Suppose our loss has the following properties:

$L = \sum_{i \neq j} ℓ (cos θ_{i j})$ . That is, the loss decomposes into a sum of terms involving the cosine similarities of feature vectors, and all features are equally important.
$ℓ (0) = 0$ . The loss vanishes for orthogonal vectors.
$d ℓ / d cos θ > 0$ . The loss is greater the more the vectors overlap.

Using these properties, we find that the loss is roughly

L \approx \frac{n^{2} ℓ (ϵ)}{2 k}

where $ϵ$ is the typical cosine similarity between vectors in a subspace.

Loss-Minimizing Subspaces

Edit: The formula for $ϵ$ below is a simplification in the limit of small $ϵ$ . This simplification turns out to matter, and affects the subsequent loss minimization. I’ve struck through the affected sections below, explained the correct optimization in this comment below and reproduced the relevant results below the original here. None of the subsequent interpretation is affected.
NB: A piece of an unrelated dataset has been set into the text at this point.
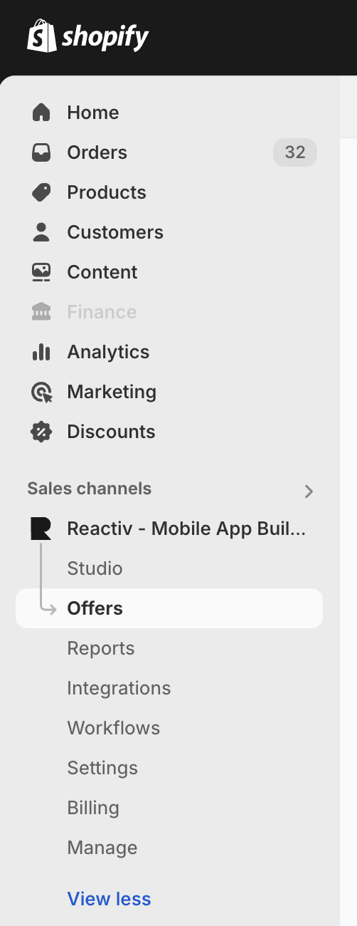 Reactiv Dashboard offers a powerful feature that allows you to configure special discount codes directly in your Shopify store. These discount codes can be provided to shoppers in your mobile app, enabling you to create unique shopping experiences and incentivize certain behaviors, such as account creation. The offers you configure will automatically sync with Shopify and appear in the cart screen for eligible shoppers. To enhance security, the discount codes are obfuscated programmatically, reducing the likelihood of unauthorized sharing.

~~The~~ ~~Johnson-Lindenstrauss lemma~~ ~~says that we can pack~~ $m$ ~~nearly-orthogonal vectors into~~ $D$ ~~dimensions, with mutual angles satisfying~~

| cos θ_{i j} | \leq ϵ

~~where~~

ϵ = ϵ_{0} \sqrt{\frac{ln m}{D}}

~~and~~ $ϵ_{0}$ ~~is a constant. Setting~~ $m = n / k$ ~~and~~ $D = d / k$ ~~gives~~

ϵ = ϵ_{0} \sqrt{\frac{ln (n / k)}{d / k}}

~~Assuming we pick our vectors optimally to saturate the Johnson-Lindenstrauss bound, we can substitute this for~~ $ϵ$ ~~in the loss and differentiate with respect to~~ $k$ ~~to find~~

\frac{d L}{d k} = \frac{L}{k} (\frac{d ln ℓ}{d ln ϵ} \frac{d ln ϵ}{d ln k} - 1)

= \frac{L}{k} (\frac{d ln ℓ}{d ln ϵ} \frac{ln (n / k) - 1}{2 ln (n / k)} - 1)
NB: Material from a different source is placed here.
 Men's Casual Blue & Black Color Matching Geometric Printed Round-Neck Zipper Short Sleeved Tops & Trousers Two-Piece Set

~~There are three possible cases: either the minimum occurs at~~ $k = d$ ~~(the greatest value it can take), or at~~ $k = 1$ ~~(the smallest value it can take) or at some point in between where~~ $d L / d k$ ~~vanishes.~~

~~The derivative vanishes if~~

\frac{d ln ℓ}{d ln ϵ} = \frac{2 ln (n / k)}{ln (n / k) - 1}

~~which gives~~

\frac{n}{k} = e^{α / (α - 2)}

~~where~~

α = \frac{d ln ℓ}{d ln ϵ}

~~When~~ $α \geq 2$ ~~there is no place where the derivative vanishes, and the optimum is~~ $k = 1$ ~~. Otherwise there is an optimum at~~

k = n e^{α / (2 - α)}

~~so long as this is less than~~ $d$ ~~. If it reaches~~ $d$ ~~, the optimum sticks to~~ $k = d$ .

The Johnson-Lindenstrauss lemma says that we can pack $m$ nearly-orthogonal vectors into $D$ dimensions, with mutual angles satisfying

| cos θ_{i j} | \leq ϵ

where $ϵ^{2} / 2 - ϵ^{3} / 3 \geq 4 log m / D$ (per Scikit and references therein). The cubic term matters because it makes the interference grow faster than the quadratic alone would imply (especially in the vicinity of $ϵ \approx 1$ ).

With this correction it’s not feasible to do the optimization analytically, but we can still do things numerically. Setting $m = n / k$ , $D = d / k$ , $n = 10^{5}$ , and $d = 10^{4}$ gives:

The top panel shows the normalized loss for a few different $α \leq 2$ , and the lower shows the loss derivative with respect to $k$ . Note that the range of $k$ is set by the real roots of $ϵ^{2} / 2 - ϵ^{3} / 3 \geq 4 log m / D$ : for larger $k$ there are no real roots, which corresponds to the interference $ϵ$ crossing unity. In practice this bound applies well before $k \to d$ . Intuitively, if there are more vectors than dimensions then the interference becomes order-unity (so there is no information left!) well before the subspace dimension falls to unity.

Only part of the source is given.